The role of CDK1 in apoptin-induced apoptosis in hepatocellular carcinoma cells
- Authors:
- Published online on: April 25, 2013 https://doi.org/10.3892/or.2013.2426
- Pages: 253-259
Abstract
Introduction
Hepatocellular carcinoma (HCC) is one of the most common types of cancer in the world. HCC is often diagnosed at an advanced stage as it progresses rapidly due to vascular invasion and multiple metastases (1). HCC patients typically relapse after treatment, which leads to a low 5-year survival rate of less than 7% (2). Current treatment options for advanced HCC include chemotherapy, radiotherapy, proton beam therapy, chemo-embolization and ablation. However, these treatments remain unsatisfactory. Gene therapy is a relatively new technique in the therapeutic battle against cancer (3).
Apoptin, a small protein that is derived from the chicken anemia virus and consists of 121 amino acids (4,5), has attracted significant attention as it possesses tumor-specific cytotoxicity (6,7). The ectopic expression of apoptin induces apoptosis in various human transformed cells and tumor cells but has little or no cytotoxic effects in several normal human cell lines (8,9). The selective toxicity of apoptin is mainly attributed to its differential subcellular localization in tumor and normal cells (10,11). In cancer cells, apoptin predominantly localizes to the nucleus, whereas in normal cells, its nuclear accumulation is severely impaired. The present study suggested that apoptin requires additional interacting molecular partners that involve specific signaling pathways in cancer cells. Apoptin interacts with various partners of the human proteome including PI3K/AKT (12,13), PKCβ (14), APC1 (15), and PML (16), which regulate either apoptin activation or execution processes.

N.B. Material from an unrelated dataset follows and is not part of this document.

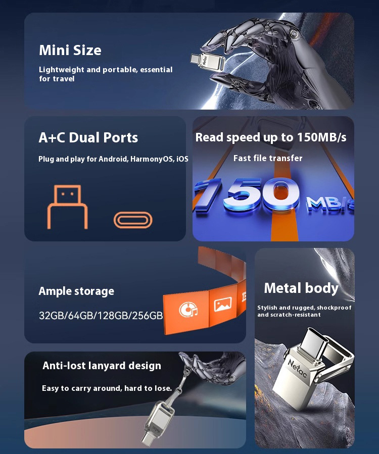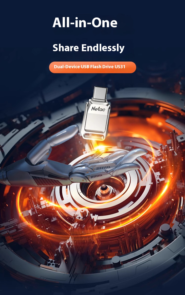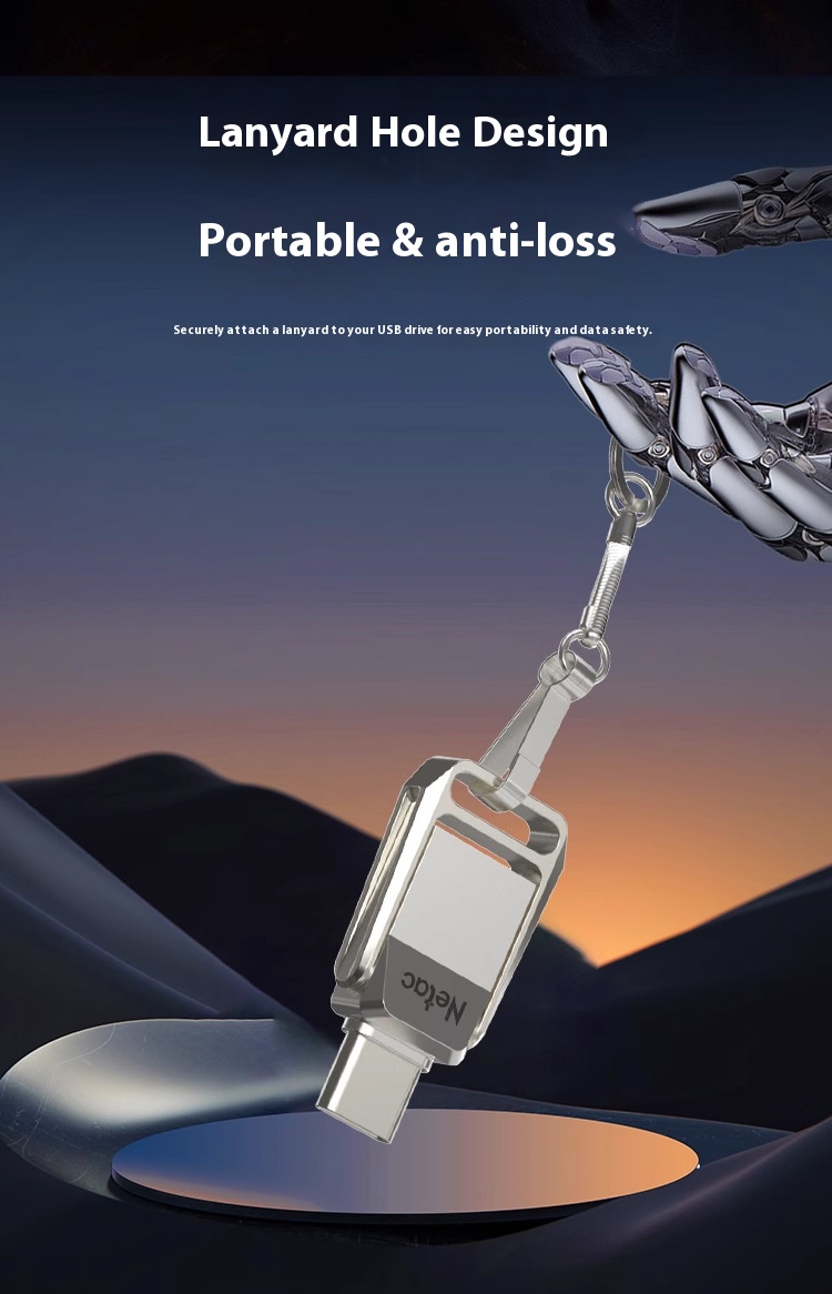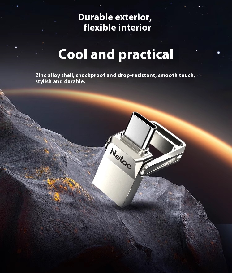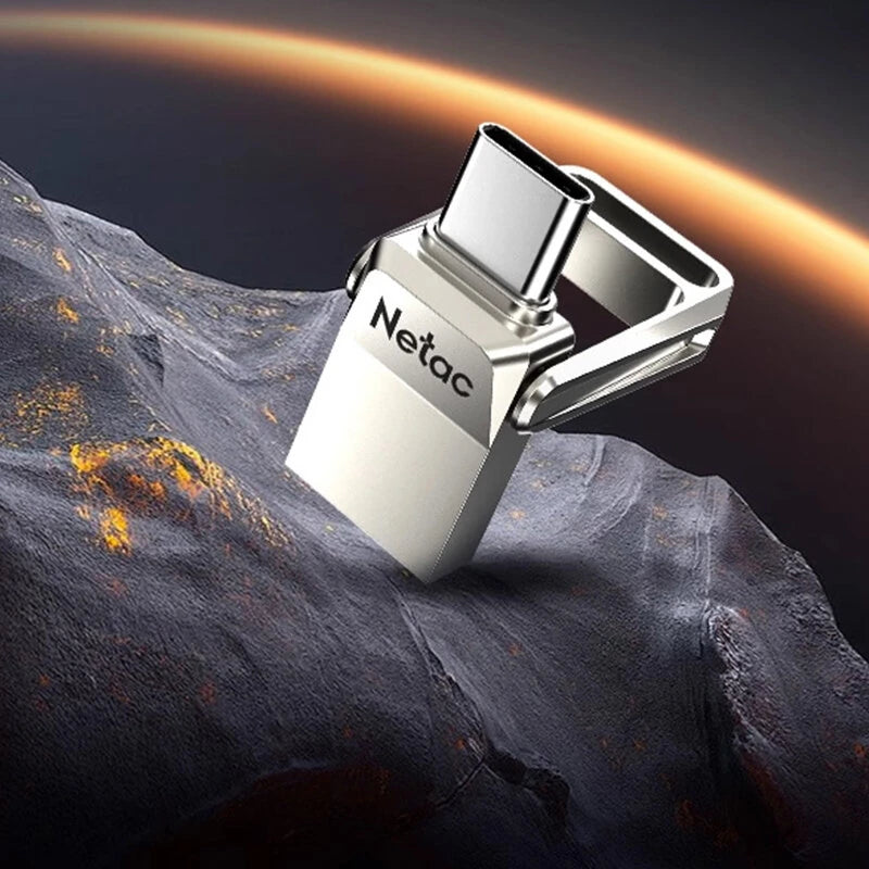Netac US31 Type-C & USB3.2 Flash Drive 128G/64G/32G Zinc Alloy Mini Portable Memory U Disk for PC Phone Projector Car Speaker

These recent advances demonstrate that elucidating the mechanism of apoptin-induced apoptosis can lead to novel tumor-specific pathways that may be exploitable as anticancer drug targets.
Using kinase software, we found that CDK1 is a candidate interacting molecule. The HCC cell line HepG2 and the human normal liver cell line HL-7702 were used to study the role of CDK1 in apoptin-induced apoptosis in liver cancer cells. These cell lines showed a marked difference in the expression level of CDK1; CDK1 expression levels in HepG2 cells were significantly higher than in HL-7702 cells. Expression vectors bearing genes encoding GFP-apoptin or Flag-apoptin proteins were developed to evaluate the tumor-specific toxicity of apoptin in HCC. Apoptin selectively killed HepG2 cells but had no effect on HL-7702 cell proliferation. Following shRNA knockdown of CDK1, the tumor-specific killing effect of apoptin was significantly reduced, and the majority of apoptin translocated to the cytoplasm from the nucleus. The results indicated that downregulation of CDK1 leads to the cytoplasmic relocalization of apoptin.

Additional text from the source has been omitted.